▶ [WORK TO COMPLETE]
Restate the whole of the data below word for word, skipping the images.

Dataset records:
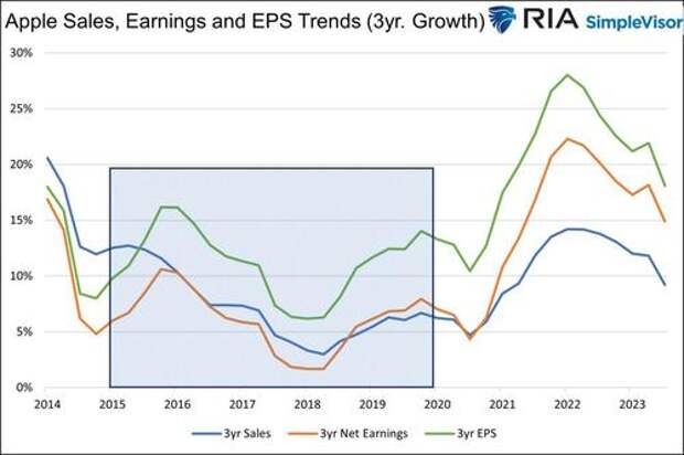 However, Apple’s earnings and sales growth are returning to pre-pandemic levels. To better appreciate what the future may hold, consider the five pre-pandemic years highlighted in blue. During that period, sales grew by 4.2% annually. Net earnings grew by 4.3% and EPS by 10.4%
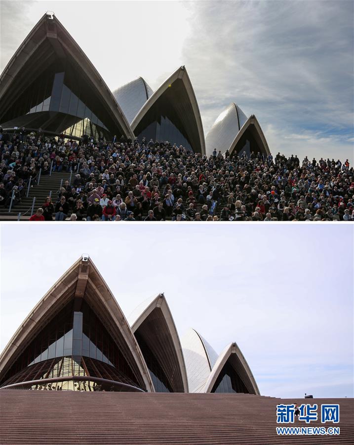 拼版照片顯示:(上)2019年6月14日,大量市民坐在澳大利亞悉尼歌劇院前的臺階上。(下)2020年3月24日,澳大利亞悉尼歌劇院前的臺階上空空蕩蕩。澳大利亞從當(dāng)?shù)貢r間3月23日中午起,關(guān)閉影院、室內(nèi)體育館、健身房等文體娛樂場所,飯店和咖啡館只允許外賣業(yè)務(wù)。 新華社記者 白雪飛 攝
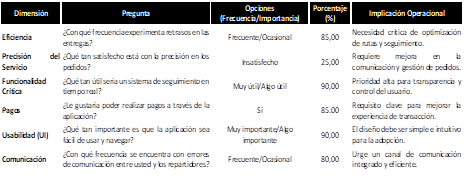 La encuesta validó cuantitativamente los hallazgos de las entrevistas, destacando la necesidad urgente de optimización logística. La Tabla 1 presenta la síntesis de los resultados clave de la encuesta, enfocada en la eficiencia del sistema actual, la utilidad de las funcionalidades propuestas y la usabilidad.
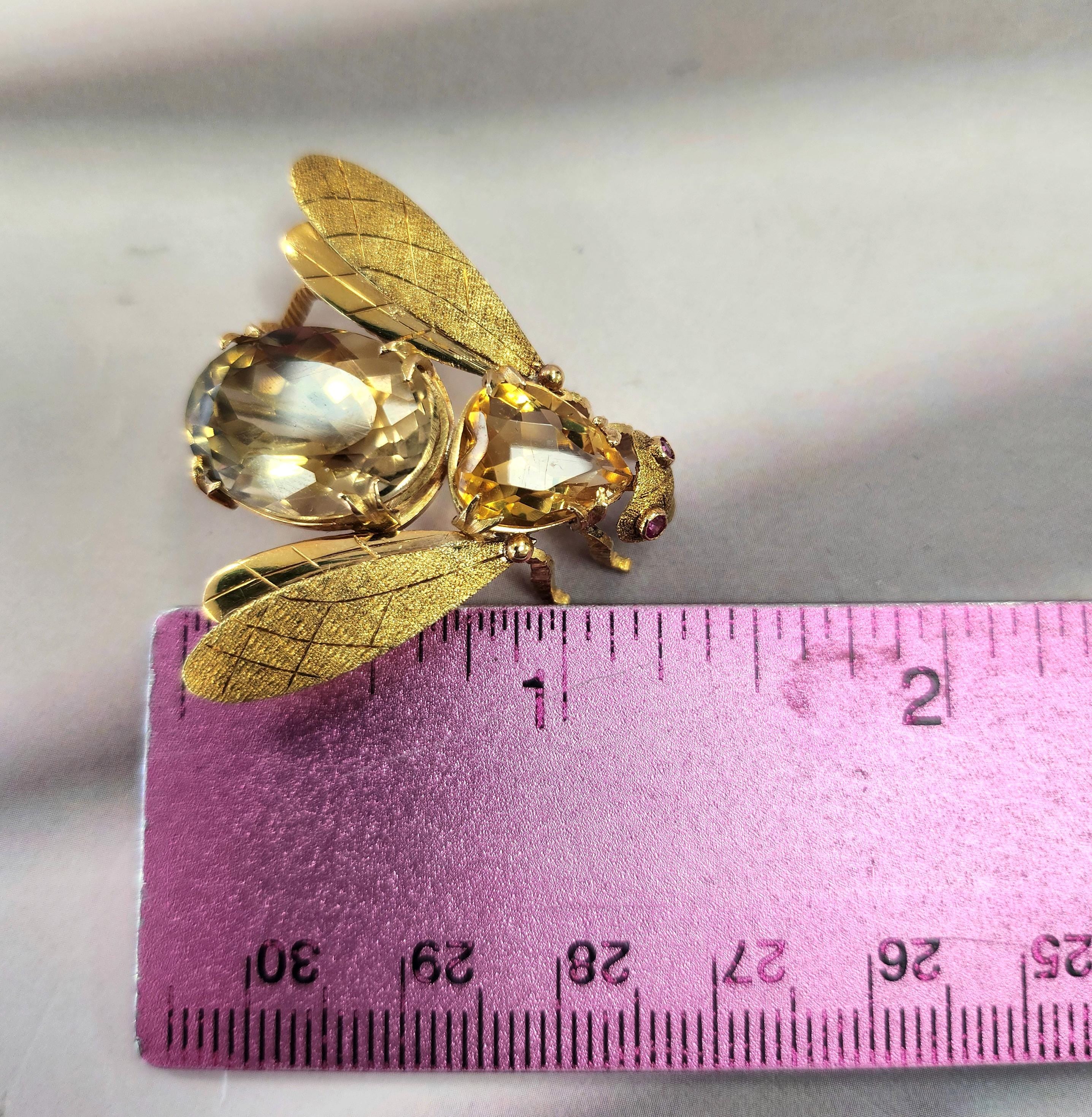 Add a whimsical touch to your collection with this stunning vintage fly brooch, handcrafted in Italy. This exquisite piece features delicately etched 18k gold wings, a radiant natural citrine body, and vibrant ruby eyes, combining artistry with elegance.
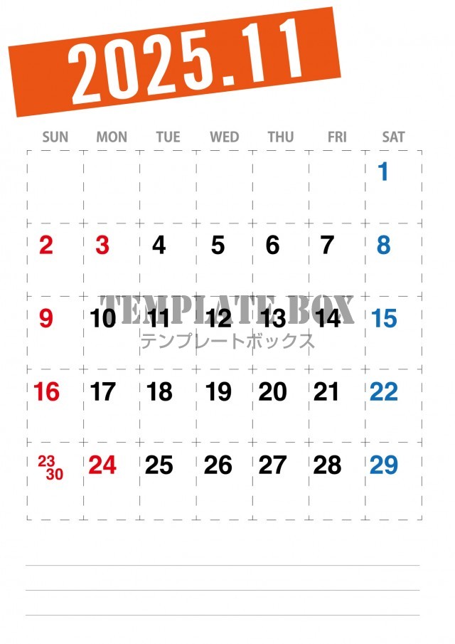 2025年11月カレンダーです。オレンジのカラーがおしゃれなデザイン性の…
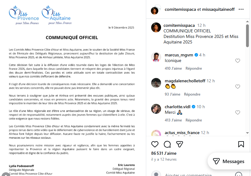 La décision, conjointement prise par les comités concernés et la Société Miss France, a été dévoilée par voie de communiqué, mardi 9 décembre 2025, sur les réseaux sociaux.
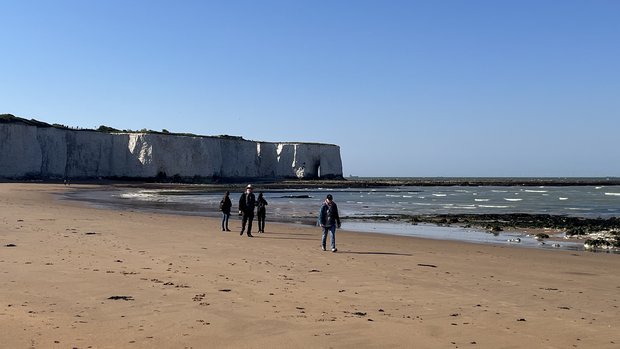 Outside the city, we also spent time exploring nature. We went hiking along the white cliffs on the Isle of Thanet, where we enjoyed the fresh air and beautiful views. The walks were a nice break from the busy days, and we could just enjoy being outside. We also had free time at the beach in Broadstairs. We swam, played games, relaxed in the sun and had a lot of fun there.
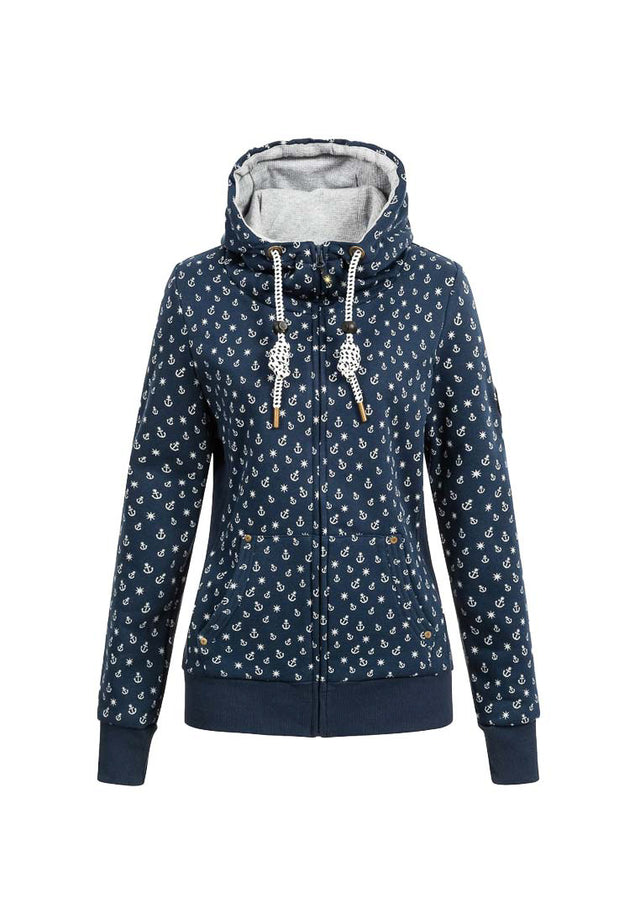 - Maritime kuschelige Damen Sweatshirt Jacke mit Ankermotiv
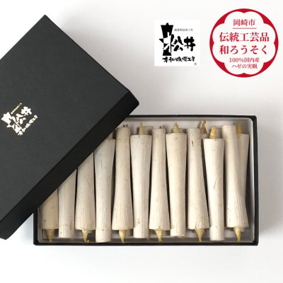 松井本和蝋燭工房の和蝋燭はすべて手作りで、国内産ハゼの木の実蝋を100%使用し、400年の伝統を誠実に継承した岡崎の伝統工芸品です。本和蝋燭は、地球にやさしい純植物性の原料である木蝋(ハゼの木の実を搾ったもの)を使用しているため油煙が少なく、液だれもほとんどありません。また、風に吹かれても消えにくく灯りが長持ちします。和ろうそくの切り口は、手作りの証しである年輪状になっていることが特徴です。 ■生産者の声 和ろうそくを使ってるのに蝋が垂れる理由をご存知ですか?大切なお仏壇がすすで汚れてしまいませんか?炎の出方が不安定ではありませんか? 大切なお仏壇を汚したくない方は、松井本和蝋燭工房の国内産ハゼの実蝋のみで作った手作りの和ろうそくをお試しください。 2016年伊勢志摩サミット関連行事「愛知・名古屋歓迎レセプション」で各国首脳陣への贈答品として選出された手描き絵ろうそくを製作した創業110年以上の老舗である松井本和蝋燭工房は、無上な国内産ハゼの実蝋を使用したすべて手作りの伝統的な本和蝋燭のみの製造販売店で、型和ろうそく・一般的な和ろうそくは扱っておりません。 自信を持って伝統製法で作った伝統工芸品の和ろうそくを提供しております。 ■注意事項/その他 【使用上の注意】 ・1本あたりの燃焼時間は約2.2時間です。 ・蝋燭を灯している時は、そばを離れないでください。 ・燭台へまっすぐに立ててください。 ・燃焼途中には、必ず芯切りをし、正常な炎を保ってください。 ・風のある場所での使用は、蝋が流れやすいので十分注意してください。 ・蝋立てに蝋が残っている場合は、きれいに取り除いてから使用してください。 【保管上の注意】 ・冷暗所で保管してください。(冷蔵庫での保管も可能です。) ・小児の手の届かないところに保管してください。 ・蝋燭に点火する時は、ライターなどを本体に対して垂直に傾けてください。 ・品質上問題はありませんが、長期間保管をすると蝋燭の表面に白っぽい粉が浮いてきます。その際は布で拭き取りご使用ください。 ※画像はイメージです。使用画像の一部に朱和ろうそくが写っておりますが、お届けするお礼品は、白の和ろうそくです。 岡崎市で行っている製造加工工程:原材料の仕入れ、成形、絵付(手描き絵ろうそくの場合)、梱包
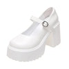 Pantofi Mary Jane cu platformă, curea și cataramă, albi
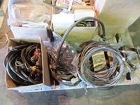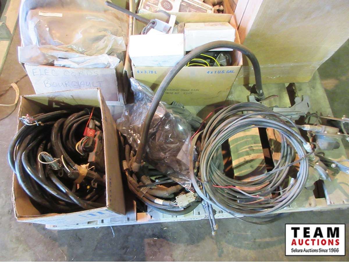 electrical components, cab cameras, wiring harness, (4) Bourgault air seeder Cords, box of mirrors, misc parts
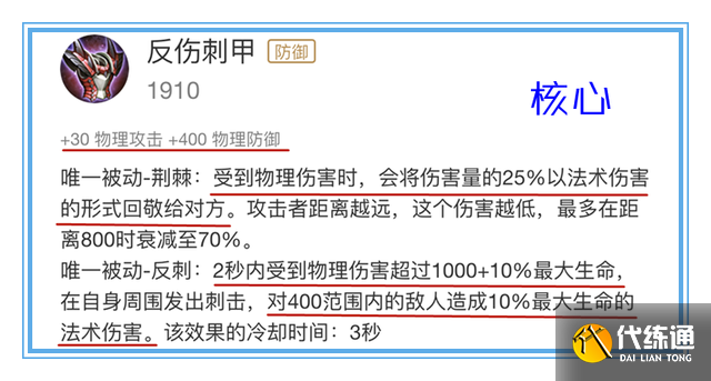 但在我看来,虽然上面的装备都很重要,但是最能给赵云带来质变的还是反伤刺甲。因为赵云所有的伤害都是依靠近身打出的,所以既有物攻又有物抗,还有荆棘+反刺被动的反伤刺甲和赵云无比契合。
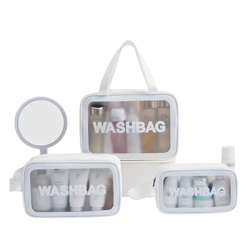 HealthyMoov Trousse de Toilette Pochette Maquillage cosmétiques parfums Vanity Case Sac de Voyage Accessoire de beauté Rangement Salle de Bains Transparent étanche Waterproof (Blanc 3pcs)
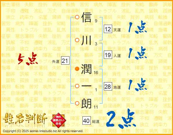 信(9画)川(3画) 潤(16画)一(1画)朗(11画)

▶ [PROBLEM SOLUTION]
 However, Apple’s earnings and sales growth are returning to pre-pandemic levels. To better appreciate what the future may hold, consider the five pre-pandemic years highlighted in blue. During that period, sales grew by 4.2% annually. Net earnings grew by 4.3% and EPS by 10.4%
 拼版照片顯示:(上)2019年6月14日,大量市民坐在澳大利亞悉尼歌劇院前的臺階上。(下)2020年3月24日,澳大利亞悉尼歌劇院前的臺階上空空蕩蕩。澳大利亞從當(dāng)?shù)貢r間3月23日中午起,關(guān)閉影院、室內(nèi)體育館、健身房等文體娛樂場所,飯店和咖啡館只允許外賣業(yè)務(wù)。 新華社記者 白雪飛 攝
 La encuesta validó cuantitativamente los hallazgos de las entrevistas, destacando la necesidad urgente de optimización logística. La Tabla 1 presenta la síntesis de los resultados clave de la encuesta, enfocada en la eficiencia del sistema actual, la utilidad de las funcionalidades propuestas y la usabilidad.
 Add a whimsical touch to your collection with this stunning vintage fly brooch, handcrafted in Italy. This exquisite piece features delicately etched 18k gold wings, a radiant natural citrine body, and vibrant ruby eyes, combining artistry with elegance.
 2025年11月カレンダーです。オレンジのカラーがおしゃれなデザイン性の…
 La décision, conjointement prise par les comités concernés et la Société Miss France, a été dévoilée par voie de communiqué, mardi 9 décembre 2025, sur les réseaux sociaux.
 Outside the city, we also spent time exploring nature. We went hiking along the white cliffs on the Isle of Thanet, where we enjoyed the fresh air and beautiful views. The walks were a nice break from the busy days, and we could just enjoy being outside. We also had free time at the beach in Broadstairs. We swam, played games, relaxed in the sun and had a lot of fun there.
 - Maritime kuschelige Damen Sweatshirt Jacke mit Ankermotiv
 松井本和蝋燭工房の和蝋燭はすべて手作りで、国内産ハゼの木の実蝋を100%使用し、400年の伝統を誠実に継承した岡崎の伝統工芸品です。本和蝋燭は、地球にやさしい純植物性の原料である木蝋(ハゼの木の実を搾ったもの)を使用しているため油煙が少なく、液だれもほとんどありません。また、風に吹かれても消えにくく灯りが長持ちします。和ろうそくの切り口は、手作りの証しである年輪状になっていることが特徴です。 ■生産者の声 和ろうそくを使ってるのに蝋が垂れる理由をご存知ですか?大切なお仏壇がすすで汚れてしまいませんか?炎の出方が不安定ではありませんか? 大切なお仏壇を汚したくない方は、松井本和蝋燭工房の国内産ハゼの実蝋のみで作った手作りの和ろうそくをお試しください。 2016年伊勢志摩サミット関連行事「愛知・名古屋歓迎レセプション」で各国首脳陣への贈答品として選出された手描き絵ろうそくを製作した創業110年以上の老舗である松井本和蝋燭工房は、無上な国内産ハゼの実蝋を使用したすべて手作りの伝統的な本和蝋燭のみの製造販売店で、型和ろうそく・一般的な和ろうそくは扱っておりません。 自信を持って伝統製法で作った伝統工芸品の和ろうそくを提供しております。 ■注意事項/その他 【使用上の注意】 ・1本あたりの燃焼時間は約2.2時間です。 ・蝋燭を灯している時は、そばを離れないでください。 ・燭台へまっすぐに立ててください。 ・燃焼途中には、必ず芯切りをし、正常な炎を保ってください。 ・風のある場所での使用は、蝋が流れやすいので十分注意してください。 ・蝋立てに蝋が残っている場合は、きれいに取り除いてから使用してください。 【保管上の注意】 ・冷暗所で保管してください。(冷蔵庫での保管も可能です。) ・小児の手の届かないところに保管してください。 ・蝋燭に点火する時は、ライターなどを本体に対して垂直に傾けてください。 ・品質上問題はありませんが、長期間保管をすると蝋燭の表面に白っぽい粉が浮いてきます。その際は布で拭き取りご使用ください。 ※画像はイメージです。使用画像の一部に朱和ろうそくが写っておりますが、お届けするお礼品は、白の和ろうそくです。 岡崎市で行っている製造加工工程:原材料の仕入れ、成形、絵付(手描き絵ろうそくの場合)、梱包
 Pantofi Mary Jane cu platformă, curea și cataramă, albi
 electrical components, cab cameras, wiring harness, (4) Bourgault air seeder Cords, box of mirrors, misc parts
 但在我看来,虽然上面的装备都很重要,但是最能给赵云带来质变的还是反伤刺甲。因为赵云所有的伤害都是依靠近身打出的,所以既有物攻又有物抗,还有荆棘+反刺被动的反伤刺甲和赵云无比契合。
 HealthyMoov Trousse de Toilette Pochette Maquillage cosmétiques parfums Vanity Case Sac de Voyage Accessoire de beauté Rangement Salle de Bains Transparent étanche Waterproof (Blanc 3pcs)
 信(9画)川(3画) 潤(16画)一(1画)朗(11画)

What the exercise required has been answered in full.